For one thing, I don’t have the charging infrastructure for EV’s. For another, EV’s would jack my insurance (due to fire risk from a car with a damaged battery from a “minor” crash going into thermal runaway, which happens with regularity). Thirdly, none of my service techs have the hazmat certification to deal with EV batteries, and I have no interest at all in subscribing to the crazy high expensive waste disposal services that handle EV battery packs.

So no, “just any shop” will not do service or bodywork on EV’s.


Thanks for sharing your perspective.

Could you say more about hybrids? Are you ok with working on them? Esp. newer ones?
Anonymous
Anonymous wrote:
Anonymous wrote:Any body shop. A scrape is a scrape.


That may be, but many shops won’t do ANY work on EV’s. I don’t. I won’t even allow EV’s on my lot, let alone inside our building. I do work on hybrids, but they stay in the lot when not in a bay being worked on.

They’re a liability for me. A fire in my shop could easily do a couple million dollars in damage just in facilities damage and tools and DE.

For one thing, I don’t have the charging infrastructure for EV’s. For another, EV’s would jack my insurance (due to fire risk from a car with a damaged battery from a “minor” crash going into thermal runaway, which happens with regularity). Thirdly, none of my service techs have the hazmat certification to deal with EV batteries, and I have no interest at all in subscribing to the crazy high expensive waste disposal services that handle EV battery packs.

So no, “just any shop” will not do service or bodywork on EV’s.


lol. What YouTube video did you get this from?
Anonymous
Anonymous wrote:
Anonymous wrote:
Anonymous wrote:Any body shop. A scrape is a scrape.


That may be, but many shops won’t do ANY work on EV’s. I don’t. I won’t even allow EV’s on my lot, let alone inside our building. I do work on hybrids, but they stay in the lot when not in a bay being worked on.

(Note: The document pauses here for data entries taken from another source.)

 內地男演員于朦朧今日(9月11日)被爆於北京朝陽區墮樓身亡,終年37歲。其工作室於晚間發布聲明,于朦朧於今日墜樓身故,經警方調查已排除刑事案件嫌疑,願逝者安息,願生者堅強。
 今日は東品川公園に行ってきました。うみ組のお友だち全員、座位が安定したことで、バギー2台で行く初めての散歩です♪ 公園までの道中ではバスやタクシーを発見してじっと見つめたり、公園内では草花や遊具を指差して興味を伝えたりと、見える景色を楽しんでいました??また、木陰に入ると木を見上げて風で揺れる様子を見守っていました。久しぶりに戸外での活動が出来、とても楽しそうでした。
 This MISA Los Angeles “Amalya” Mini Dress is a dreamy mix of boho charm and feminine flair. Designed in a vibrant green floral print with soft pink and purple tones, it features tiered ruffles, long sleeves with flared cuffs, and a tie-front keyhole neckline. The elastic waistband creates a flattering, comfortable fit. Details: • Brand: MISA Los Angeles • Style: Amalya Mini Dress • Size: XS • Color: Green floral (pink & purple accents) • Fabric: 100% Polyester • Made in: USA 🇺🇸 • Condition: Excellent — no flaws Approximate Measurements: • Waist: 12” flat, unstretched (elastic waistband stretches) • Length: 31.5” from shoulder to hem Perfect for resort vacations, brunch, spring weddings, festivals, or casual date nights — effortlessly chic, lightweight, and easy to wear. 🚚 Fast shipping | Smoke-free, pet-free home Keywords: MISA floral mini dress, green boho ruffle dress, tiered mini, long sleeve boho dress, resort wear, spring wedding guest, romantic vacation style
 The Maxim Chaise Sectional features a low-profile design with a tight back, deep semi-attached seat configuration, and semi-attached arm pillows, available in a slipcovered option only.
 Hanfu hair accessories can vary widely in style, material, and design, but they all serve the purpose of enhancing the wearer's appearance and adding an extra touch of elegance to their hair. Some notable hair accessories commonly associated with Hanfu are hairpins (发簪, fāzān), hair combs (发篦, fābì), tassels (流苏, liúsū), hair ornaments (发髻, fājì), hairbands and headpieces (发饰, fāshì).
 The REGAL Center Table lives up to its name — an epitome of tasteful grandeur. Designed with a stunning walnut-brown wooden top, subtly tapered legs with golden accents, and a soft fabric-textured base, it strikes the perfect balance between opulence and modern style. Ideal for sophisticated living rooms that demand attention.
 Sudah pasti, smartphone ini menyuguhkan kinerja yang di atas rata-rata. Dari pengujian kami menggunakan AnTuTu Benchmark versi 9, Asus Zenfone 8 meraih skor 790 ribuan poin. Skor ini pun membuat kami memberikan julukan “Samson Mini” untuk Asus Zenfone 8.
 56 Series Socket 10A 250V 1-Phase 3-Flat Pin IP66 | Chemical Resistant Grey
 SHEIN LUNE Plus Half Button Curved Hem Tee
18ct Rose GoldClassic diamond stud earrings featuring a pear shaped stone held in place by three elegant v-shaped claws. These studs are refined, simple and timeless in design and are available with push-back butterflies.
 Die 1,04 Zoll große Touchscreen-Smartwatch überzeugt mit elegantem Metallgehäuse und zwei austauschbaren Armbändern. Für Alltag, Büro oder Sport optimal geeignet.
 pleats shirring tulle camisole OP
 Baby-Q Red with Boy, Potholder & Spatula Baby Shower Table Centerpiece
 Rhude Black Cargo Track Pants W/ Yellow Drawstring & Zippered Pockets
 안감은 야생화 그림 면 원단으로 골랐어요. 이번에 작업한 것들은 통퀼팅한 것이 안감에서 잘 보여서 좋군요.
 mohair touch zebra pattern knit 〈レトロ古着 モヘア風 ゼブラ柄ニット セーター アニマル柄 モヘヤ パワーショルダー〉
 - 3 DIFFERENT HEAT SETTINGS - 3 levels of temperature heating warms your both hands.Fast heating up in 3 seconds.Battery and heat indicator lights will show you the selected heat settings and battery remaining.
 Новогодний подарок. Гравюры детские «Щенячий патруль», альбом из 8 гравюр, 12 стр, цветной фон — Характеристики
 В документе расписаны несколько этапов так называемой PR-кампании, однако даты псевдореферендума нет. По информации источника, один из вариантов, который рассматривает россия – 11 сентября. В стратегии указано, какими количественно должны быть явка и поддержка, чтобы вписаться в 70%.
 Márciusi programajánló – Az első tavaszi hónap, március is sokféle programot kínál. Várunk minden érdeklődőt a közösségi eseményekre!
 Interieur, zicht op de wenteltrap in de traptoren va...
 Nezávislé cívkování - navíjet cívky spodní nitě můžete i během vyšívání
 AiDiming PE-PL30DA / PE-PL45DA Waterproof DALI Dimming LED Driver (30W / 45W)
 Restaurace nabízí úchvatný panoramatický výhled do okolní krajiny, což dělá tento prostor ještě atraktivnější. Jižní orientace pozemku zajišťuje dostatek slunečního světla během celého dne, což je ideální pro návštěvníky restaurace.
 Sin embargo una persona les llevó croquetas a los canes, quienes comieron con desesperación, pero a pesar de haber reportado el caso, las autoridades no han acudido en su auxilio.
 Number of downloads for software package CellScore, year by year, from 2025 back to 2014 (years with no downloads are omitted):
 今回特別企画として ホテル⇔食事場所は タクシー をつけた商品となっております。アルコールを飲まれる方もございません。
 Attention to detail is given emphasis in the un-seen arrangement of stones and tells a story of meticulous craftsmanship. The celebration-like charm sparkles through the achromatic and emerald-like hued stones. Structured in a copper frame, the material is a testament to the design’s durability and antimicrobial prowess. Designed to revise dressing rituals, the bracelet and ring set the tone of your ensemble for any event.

They’re a liability for me. A fire in my shop could easily do a couple million dollars in damage just in facilities damage and tools and DE.

For one thing, I don’t have the charging infrastructure for EV’s. For another, EV’s would jack my insurance (due to fire risk from a car with a damaged battery from a “minor” crash going into thermal runaway, which happens with regularity). Thirdly, none of my service techs have the hazmat certification to deal with EV batteries, and I have no interest at all in subscribing to the crazy high expensive waste disposal services that handle EV battery packs.

So no, “just any shop” will not do service or bodywork on EV’s.


What's the name of your shop so I can be sure never to go there? Talk about scare mongering.



Why? So you can leave a bunch of fake Yelp reviews? Get bent.